Exercise directions: Although the records contain pictures, none belong in the copy: restate word for word only the lines from the one with "再来看一下密苏里号的基础属性" through the one with "Определение девиантного поведенияДевиантное", both included.

The records:
↓↓↓

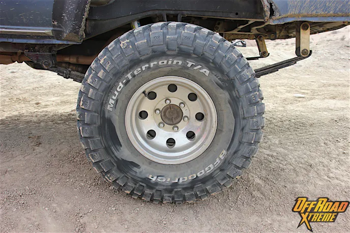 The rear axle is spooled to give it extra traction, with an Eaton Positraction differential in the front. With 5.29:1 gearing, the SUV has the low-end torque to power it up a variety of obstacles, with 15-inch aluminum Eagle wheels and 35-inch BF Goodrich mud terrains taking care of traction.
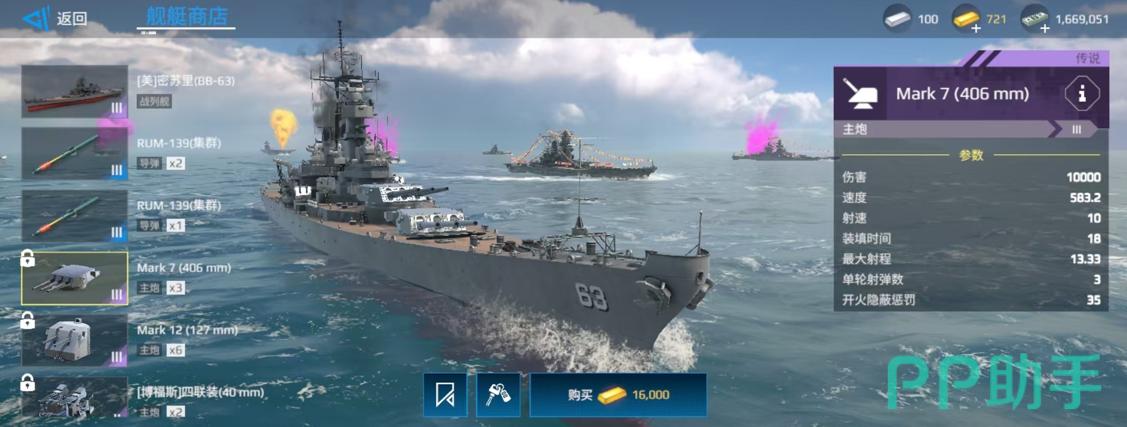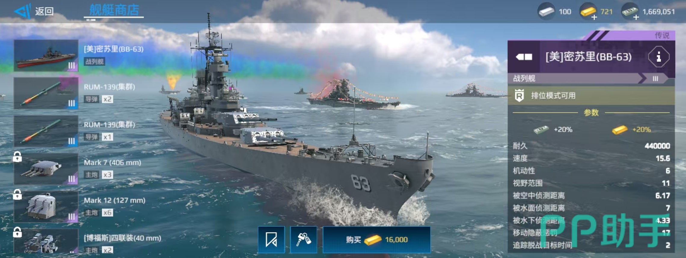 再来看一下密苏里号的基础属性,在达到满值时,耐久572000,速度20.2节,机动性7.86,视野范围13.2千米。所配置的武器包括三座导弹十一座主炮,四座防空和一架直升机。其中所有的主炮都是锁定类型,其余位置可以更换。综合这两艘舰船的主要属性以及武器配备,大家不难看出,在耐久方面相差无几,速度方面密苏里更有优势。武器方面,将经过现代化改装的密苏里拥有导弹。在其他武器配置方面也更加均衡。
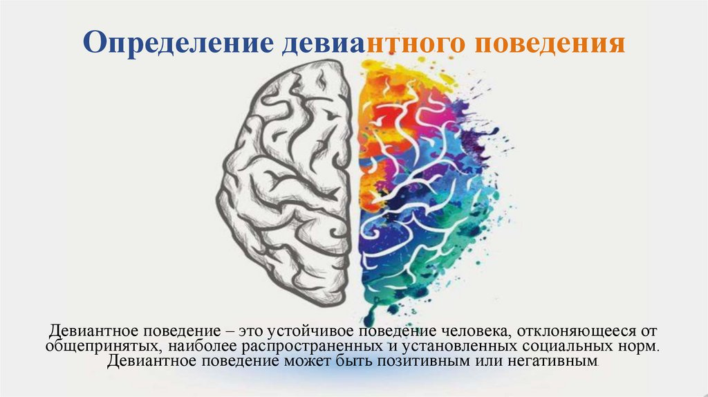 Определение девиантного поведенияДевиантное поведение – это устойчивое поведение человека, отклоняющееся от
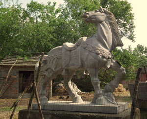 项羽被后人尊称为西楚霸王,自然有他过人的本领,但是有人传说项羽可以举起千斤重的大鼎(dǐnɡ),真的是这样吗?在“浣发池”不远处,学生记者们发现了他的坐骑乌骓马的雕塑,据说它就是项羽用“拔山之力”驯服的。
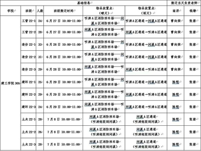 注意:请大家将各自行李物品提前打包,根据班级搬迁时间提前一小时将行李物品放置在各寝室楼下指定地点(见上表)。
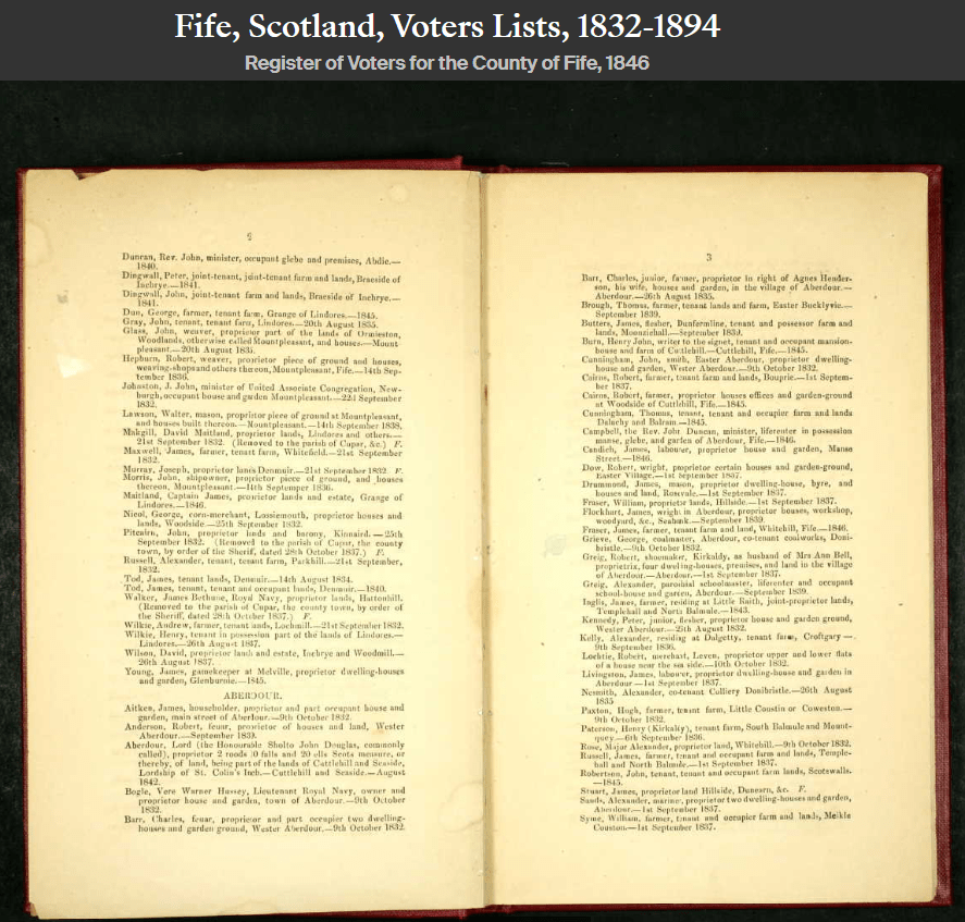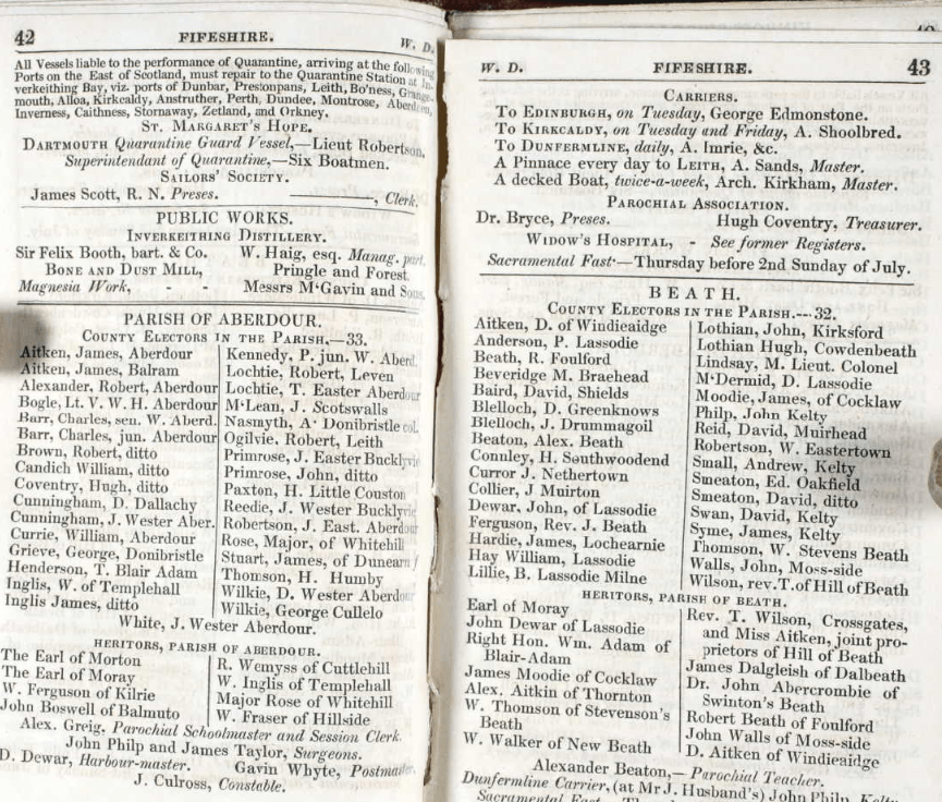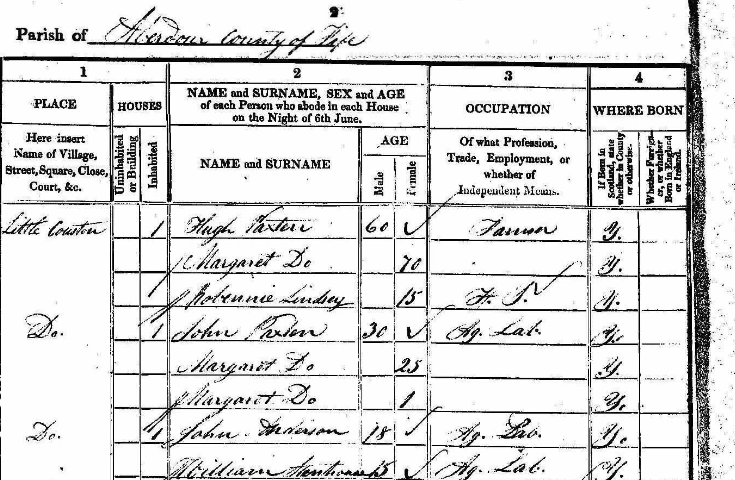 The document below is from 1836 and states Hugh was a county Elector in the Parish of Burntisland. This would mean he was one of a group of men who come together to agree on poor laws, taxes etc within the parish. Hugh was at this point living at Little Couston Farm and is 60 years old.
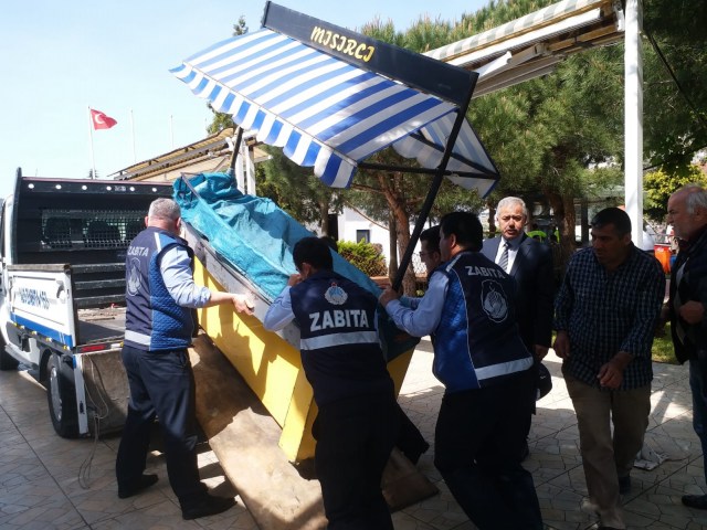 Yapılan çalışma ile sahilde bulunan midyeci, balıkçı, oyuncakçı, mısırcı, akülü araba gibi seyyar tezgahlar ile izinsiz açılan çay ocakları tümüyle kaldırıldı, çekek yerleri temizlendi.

↑↑↑
↓↓↓

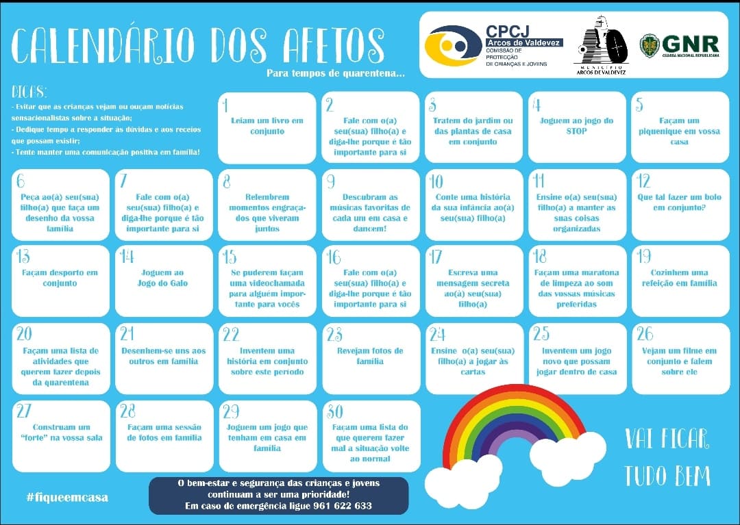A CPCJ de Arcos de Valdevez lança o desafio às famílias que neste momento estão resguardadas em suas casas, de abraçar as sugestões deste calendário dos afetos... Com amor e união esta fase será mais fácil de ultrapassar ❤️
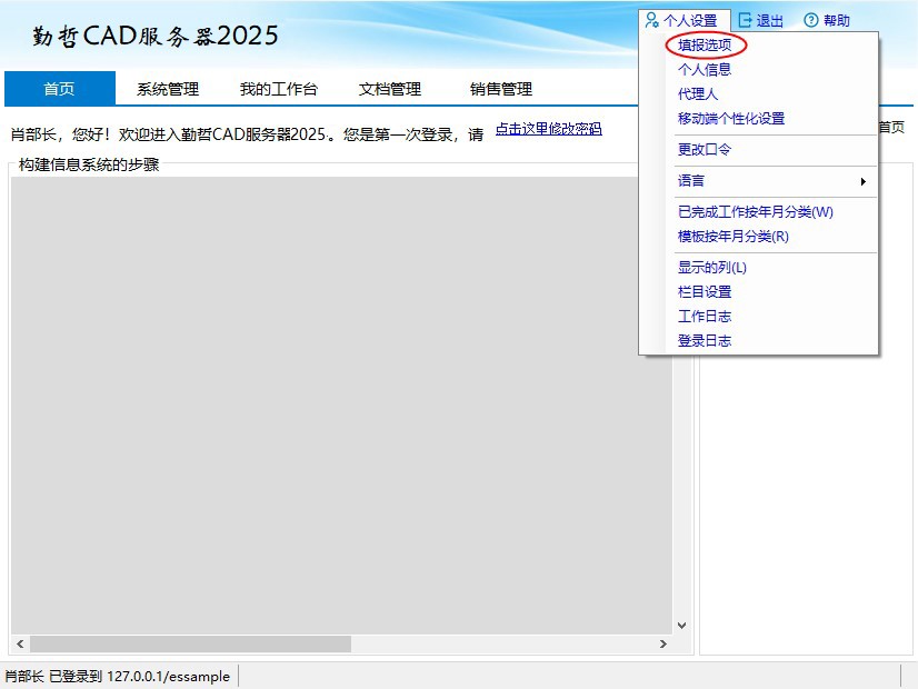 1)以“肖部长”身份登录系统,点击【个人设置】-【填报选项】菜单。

↑↑↑
↓↓↓

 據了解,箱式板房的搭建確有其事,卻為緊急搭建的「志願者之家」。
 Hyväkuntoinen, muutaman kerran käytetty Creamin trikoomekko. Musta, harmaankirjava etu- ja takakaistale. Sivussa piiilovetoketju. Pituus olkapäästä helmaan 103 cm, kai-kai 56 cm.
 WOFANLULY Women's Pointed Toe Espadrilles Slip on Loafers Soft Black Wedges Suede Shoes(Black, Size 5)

↑↑↑

Exercise result:
 再来看一下密苏里号的基础属性,在达到满值时,耐久572000,速度20.2节,机动性7.86,视野范围13.2千米。所配置的武器包括三座导弹十一座主炮,四座防空和一架直升机。其中所有的主炮都是锁定类型,其余位置可以更换。综合这两艘舰船的主要属性以及武器配备,大家不难看出,在耐久方面相差无几,速度方面密苏里更有优势。武器方面,将经过现代化改装的密苏里拥有导弹。在其他武器配置方面也更加均衡。
 Определение девиантного поведенияДевиантное поведение – это устойчивое поведение человека, отклоняющееся от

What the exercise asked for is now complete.